Account for multiallelics in emission probabilities #2804

Open astheeggeggs opened 11 months ago

astheeggeggs commented 11 months ago

As it stands tskit's implementation does not allow for differential emission probs conditional on number of alleles.

There are choices here, all of which should be incorporated.

  1. Let mismatch prob be a linear function of alleles - default when a scalar (mu, say) is passed. Equal mismatch prob is then split between the possible alleles, each with prob mu.
  2. Let mismatch prob at each site be explicitly passed by the user - default when a vector of length m (number of sites) is passed. Again, equal mismatch prob is then split between the possible alleles (but not rescaled up to account for number of alleles), each with prob mu_i/(a-1) (where mu_i is the mismatch prob at site i, and a is the number of alleles at site i).

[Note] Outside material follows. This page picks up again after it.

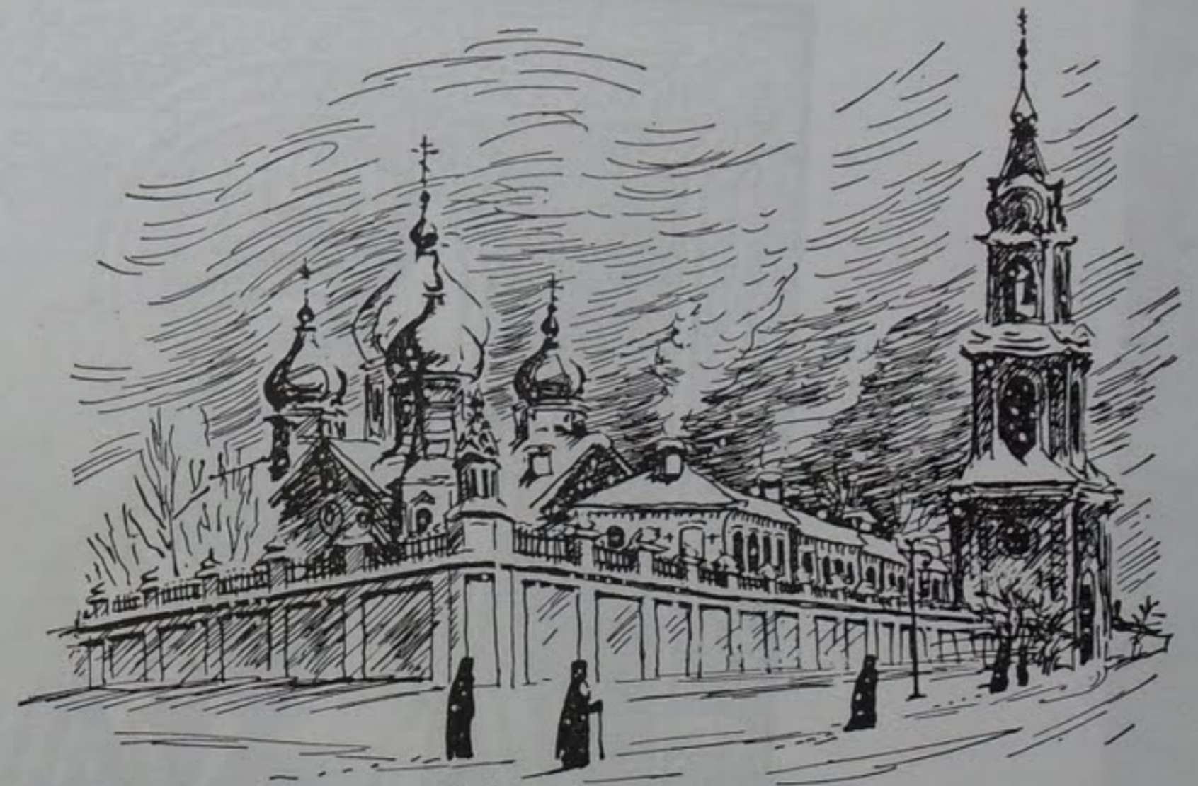
The Ascension Monastery in Irkutsk

His constant labors, the severe Siberian climate, his long journeys, and sorrow and affliction broke down the already frail health of St. Innocent. He fell ill and in the autumn of 1731 lay in bed, unable to celebrate the services. In the morning of November 27, 1731, he peacefully departed to the Lord, being about fifty years of age. Amid the weeping of his flock, the body of the Saint was buried in the church of the Tichvin Icon of the Mother of God in the Ascension Monastery.

This is encoded in lshmm here:

https://github.com/astheeggeggs/lshmm/blob/792c74bd9474deef55418354fcb4b86ab9c19338/lshmm/api.py#L168C8-L168C8

with warnings thrown if the user doesn't conform to the defaults.

szhan commented 1 week ago

This is scaling the mutation rates per site according to the number of distinct alleles, right? I think it is done now. And the way it is done now is to look at the reference and query haplotypes and then count the number of unique alleles at each site.